• [Assigned task] Each of the following records is to be output exactly.

[Extracted records]
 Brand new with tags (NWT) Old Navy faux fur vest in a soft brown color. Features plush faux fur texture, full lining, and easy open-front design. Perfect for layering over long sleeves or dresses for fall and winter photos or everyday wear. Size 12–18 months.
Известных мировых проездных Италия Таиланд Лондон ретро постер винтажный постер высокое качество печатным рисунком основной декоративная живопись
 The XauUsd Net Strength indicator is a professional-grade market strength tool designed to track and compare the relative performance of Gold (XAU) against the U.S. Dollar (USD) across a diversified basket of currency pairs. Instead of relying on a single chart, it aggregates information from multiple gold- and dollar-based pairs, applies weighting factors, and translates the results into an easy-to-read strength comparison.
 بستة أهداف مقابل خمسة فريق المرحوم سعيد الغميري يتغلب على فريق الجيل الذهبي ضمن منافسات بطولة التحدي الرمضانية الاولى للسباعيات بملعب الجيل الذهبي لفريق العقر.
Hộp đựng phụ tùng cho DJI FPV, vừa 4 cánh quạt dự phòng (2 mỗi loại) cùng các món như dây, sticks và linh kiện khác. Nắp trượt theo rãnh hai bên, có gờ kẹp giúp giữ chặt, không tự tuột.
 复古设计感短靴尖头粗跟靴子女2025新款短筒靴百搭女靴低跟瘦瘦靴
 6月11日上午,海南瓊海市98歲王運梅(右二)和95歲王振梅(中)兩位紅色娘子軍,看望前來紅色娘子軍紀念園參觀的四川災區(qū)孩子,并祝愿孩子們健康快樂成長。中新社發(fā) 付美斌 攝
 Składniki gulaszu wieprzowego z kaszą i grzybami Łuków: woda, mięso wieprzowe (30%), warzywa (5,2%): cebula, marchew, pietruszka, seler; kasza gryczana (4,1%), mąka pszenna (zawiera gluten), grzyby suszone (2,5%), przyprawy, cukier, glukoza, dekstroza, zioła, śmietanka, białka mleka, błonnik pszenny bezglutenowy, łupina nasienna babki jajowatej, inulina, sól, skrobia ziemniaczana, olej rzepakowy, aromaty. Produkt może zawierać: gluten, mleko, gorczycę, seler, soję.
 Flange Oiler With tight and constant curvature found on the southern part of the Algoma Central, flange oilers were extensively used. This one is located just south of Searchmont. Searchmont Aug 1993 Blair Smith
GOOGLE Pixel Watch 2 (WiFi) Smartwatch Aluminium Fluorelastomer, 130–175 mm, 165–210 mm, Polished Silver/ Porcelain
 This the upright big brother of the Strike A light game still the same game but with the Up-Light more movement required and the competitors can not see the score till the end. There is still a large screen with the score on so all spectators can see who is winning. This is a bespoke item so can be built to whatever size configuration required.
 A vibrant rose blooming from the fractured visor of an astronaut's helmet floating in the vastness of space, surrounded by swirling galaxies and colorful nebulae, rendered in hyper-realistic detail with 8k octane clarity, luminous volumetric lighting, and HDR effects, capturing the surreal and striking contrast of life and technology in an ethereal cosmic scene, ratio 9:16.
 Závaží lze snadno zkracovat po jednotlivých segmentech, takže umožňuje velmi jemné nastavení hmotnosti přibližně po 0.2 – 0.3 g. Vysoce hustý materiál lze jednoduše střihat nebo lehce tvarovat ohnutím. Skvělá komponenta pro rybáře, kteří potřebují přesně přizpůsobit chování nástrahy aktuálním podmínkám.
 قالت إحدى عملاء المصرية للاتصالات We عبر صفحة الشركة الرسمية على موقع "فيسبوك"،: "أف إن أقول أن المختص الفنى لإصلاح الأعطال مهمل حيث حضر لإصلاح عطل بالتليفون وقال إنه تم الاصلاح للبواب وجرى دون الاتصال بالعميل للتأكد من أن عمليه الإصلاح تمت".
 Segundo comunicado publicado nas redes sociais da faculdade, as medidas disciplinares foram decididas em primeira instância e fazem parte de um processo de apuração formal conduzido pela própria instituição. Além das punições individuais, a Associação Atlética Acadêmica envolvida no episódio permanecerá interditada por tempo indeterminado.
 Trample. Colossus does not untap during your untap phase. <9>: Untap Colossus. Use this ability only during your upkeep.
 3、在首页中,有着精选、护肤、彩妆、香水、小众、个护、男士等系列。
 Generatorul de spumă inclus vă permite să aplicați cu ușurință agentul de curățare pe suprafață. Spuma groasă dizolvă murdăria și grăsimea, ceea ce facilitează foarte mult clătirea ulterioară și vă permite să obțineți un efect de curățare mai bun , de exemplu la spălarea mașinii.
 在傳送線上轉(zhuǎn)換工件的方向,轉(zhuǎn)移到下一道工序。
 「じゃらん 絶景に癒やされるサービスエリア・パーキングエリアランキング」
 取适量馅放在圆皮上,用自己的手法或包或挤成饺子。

• [Solution to the problem]
 Brand new with tags (NWT) Old Navy faux fur vest in a soft brown color. Features plush faux fur texture, full lining, and easy open-front design. Perfect for layering over long sleeves or dresses for fall and winter photos or everyday wear. Size 12–18 months.
Известных мировых проездных Италия Таиланд Лондон ретро постер винтажный постер высокое качество печатным рисунком основной декоративная живопись
 The XauUsd Net Strength indicator is a professional-grade market strength tool designed to track and compare the relative performance of Gold (XAU) against the U.S. Dollar (USD) across a diversified basket of currency pairs. Instead of relying on a single chart, it aggregates information from multiple gold- and dollar-based pairs, applies weighting factors, and translates the results into an easy-to-read strength comparison.
 بستة أهداف مقابل خمسة فريق المرحوم سعيد الغميري يتغلب على فريق الجيل الذهبي ضمن منافسات بطولة التحدي الرمضانية الاولى للسباعيات بملعب الجيل الذهبي لفريق العقر.
Hộp đựng phụ tùng cho DJI FPV, vừa 4 cánh quạt dự phòng (2 mỗi loại) cùng các món như dây, sticks và linh kiện khác. Nắp trượt theo rãnh hai bên, có gờ kẹp giúp giữ chặt, không tự tuột.
 复古设计感短靴尖头粗跟靴子女2025新款短筒靴百搭女靴低跟瘦瘦靴
 6月11日上午,海南瓊海市98歲王運梅(右二)和95歲王振梅(中)兩位紅色娘子軍,看望前來紅色娘子軍紀念園參觀的四川災區(qū)孩子,并祝愿孩子們健康快樂成長。中新社發(fā) 付美斌 攝
 Składniki gulaszu wieprzowego z kaszą i grzybami Łuków: woda, mięso wieprzowe (30%), warzywa (5,2%): cebula, marchew, pietruszka, seler; kasza gryczana (4,1%), mąka pszenna (zawiera gluten), grzyby suszone (2,5%), przyprawy, cukier, glukoza, dekstroza, zioła, śmietanka, białka mleka, błonnik pszenny bezglutenowy, łupina nasienna babki jajowatej, inulina, sól, skrobia ziemniaczana, olej rzepakowy, aromaty. Produkt może zawierać: gluten, mleko, gorczycę, seler, soję.
 Flange Oiler With tight and constant curvature found on the southern part of the Algoma Central, flange oilers were extensively used. This one is located just south of Searchmont. Searchmont Aug 1993 Blair Smith
GOOGLE Pixel Watch 2 (WiFi) Smartwatch Aluminium Fluorelastomer, 130–175 mm, 165–210 mm, Polished Silver/ Porcelain
 This the upright big brother of the Strike A light game still the same game but with the Up-Light more movement required and the competitors can not see the score till the end. There is still a large screen with the score on so all spectators can see who is winning. This is a bespoke item so can be built to whatever size configuration required.
 A vibrant rose blooming from the fractured visor of an astronaut's helmet floating in the vastness of space, surrounded by swirling galaxies and colorful nebulae, rendered in hyper-realistic detail with 8k octane clarity, luminous volumetric lighting, and HDR effects, capturing the surreal and striking contrast of life and technology in an ethereal cosmic scene, ratio 9:16.
 Závaží lze snadno zkracovat po jednotlivých segmentech, takže umožňuje velmi jemné nastavení hmotnosti přibližně po 0.2 – 0.3 g. Vysoce hustý materiál lze jednoduše střihat nebo lehce tvarovat ohnutím. Skvělá komponenta pro rybáře, kteří potřebují přesně přizpůsobit chování nástrahy aktuálním podmínkám.
 قالت إحدى عملاء المصرية للاتصالات We عبر صفحة الشركة الرسمية على موقع "فيسبوك"،: "أف إن أقول أن المختص الفنى لإصلاح الأعطال مهمل حيث حضر لإصلاح عطل بالتليفون وقال إنه تم الاصلاح للبواب وجرى دون الاتصال بالعميل للتأكد من أن عمليه الإصلاح تمت".
 Segundo comunicado publicado nas redes sociais da faculdade, as medidas disciplinares foram decididas em primeira instância e fazem parte de um processo de apuração formal conduzido pela própria instituição. Além das punições individuais, a Associação Atlética Acadêmica envolvida no episódio permanecerá interditada por tempo indeterminado.
 Trample. Colossus does not untap during your untap phase. <9>: Untap Colossus. Use this ability only during your upkeep.
 3、在首页中,有着精选、护肤、彩妆、香水、小众、个护、男士等系列。
 Generatorul de spumă inclus vă permite să aplicați cu ușurință agentul de curățare pe suprafață. Spuma groasă dizolvă murdăria și grăsimea, ceea ce facilitează foarte mult clătirea ulterioară și vă permite să obțineți un efect de curățare mai bun , de exemplu la spălarea mașinii.
 在傳送線上轉(zhuǎn)換工件的方向,轉(zhuǎn)移到下一道工序。
 「じゃらん 絶景に癒やされるサービスエリア・パーキングエリアランキング」
 取适量馅放在圆皮上,用自己的手法或包或挤成饺子。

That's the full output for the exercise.